Now why, I ask, should clergymen, in addition to their other exhaustive duties, be expected to go through this most exhaustive service of all, without remuneration? More especially, when one considers the often danger of contagious atmospheric influences, at such times and places, upon his tired frame.

I have often pondered, without yet being able to find a shadow of a reason for this unjust demand upon clerical strength. If you say it is the custom, I only say it is time that, with other bad customs, it were reformed; and more—since clergymen themselves have their lips delicately closed on this especial subject, while on others they might be considered at liberty to speak. That's why I have spoken for them.

I like ministers. I was brought up with them. My father's house was a minister's tavern, lacking the sign swinging before the door. I was a wild slip in those days; that's why they always "wanted a little conversation with Sarah." It was philanthropic, but thrown away. I had been told so often that I was "a child of wrath," that I had it at my fingers' ends—I might have said, at my toes' ends, for it was they who helped me out the nearest door after meals, lest I should hear the stale announcement again. I persisted I "loved God," when I was asked. Why shouldn't I? for no bugaboo of anybody's raising could have made me believe I was born by him to be tormented. The flowers, the clouds, the ocean, the sun, moon, and stars—what priceless gifts were they! No "doctrine" or "creed" could rob me of them; and didn't he make them, and give me a soul to enjoy them? It was of no use telling me I was a "child of wrath" under circumstances like these! One soft sweet breath from my flower-garden knocked that idea "all to smithereens."

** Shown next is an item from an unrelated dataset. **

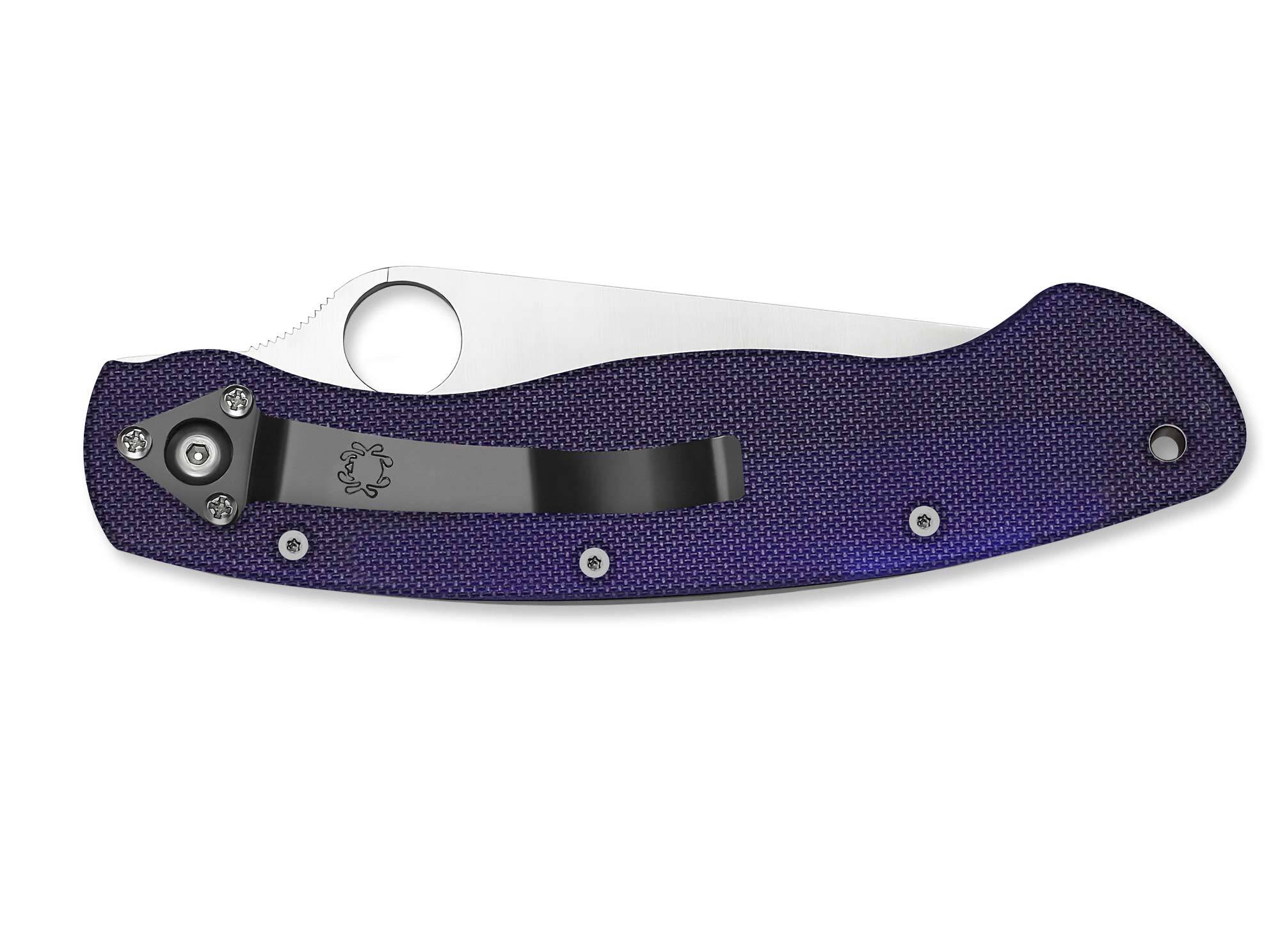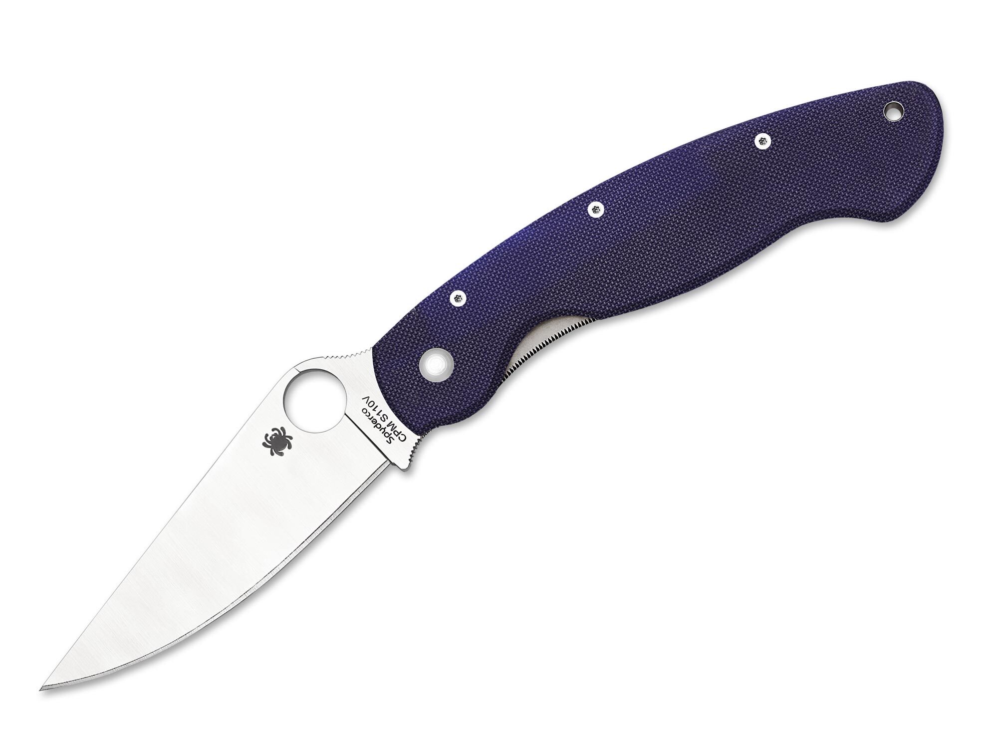 Taktický zavírací nůž Spyderco Military G10 Dark Blue má čepel s hladkou hranou a plochým broušením z nerezavějící oceli CPM-S-110V, otevírá se palcovým otvorem na čepeli a zajišťuje ji zámek Linerlock. Rukojeť je z tmavomodrého neklouzavého G10 s titanovou vložkou. Se sponou na kapsy.

Now I didn't hate those ministers for trying to darken what should have been, and what was, in spite of them, youth's festival hour. I knew they thought they were right, and I believe them to be truly good, though mistaken, men. They didn't know that, child as I was, if I ever went to Heaven, it would be taking hold of my Heavenly Father's hand, not cowering before him through fear of "hell." So they fired over my curls, when they got me in a corner, and talked to me that way. They didn't make me hate "meetin'" either; though I was driven there to hear so many "seventeenth-lies" at the point of the bayonet; and when skewered up on the seat between rows of big folks, I felt as if little ants were creeping out from under my finger-nails, so fidgety did I get for the blessed outdoors.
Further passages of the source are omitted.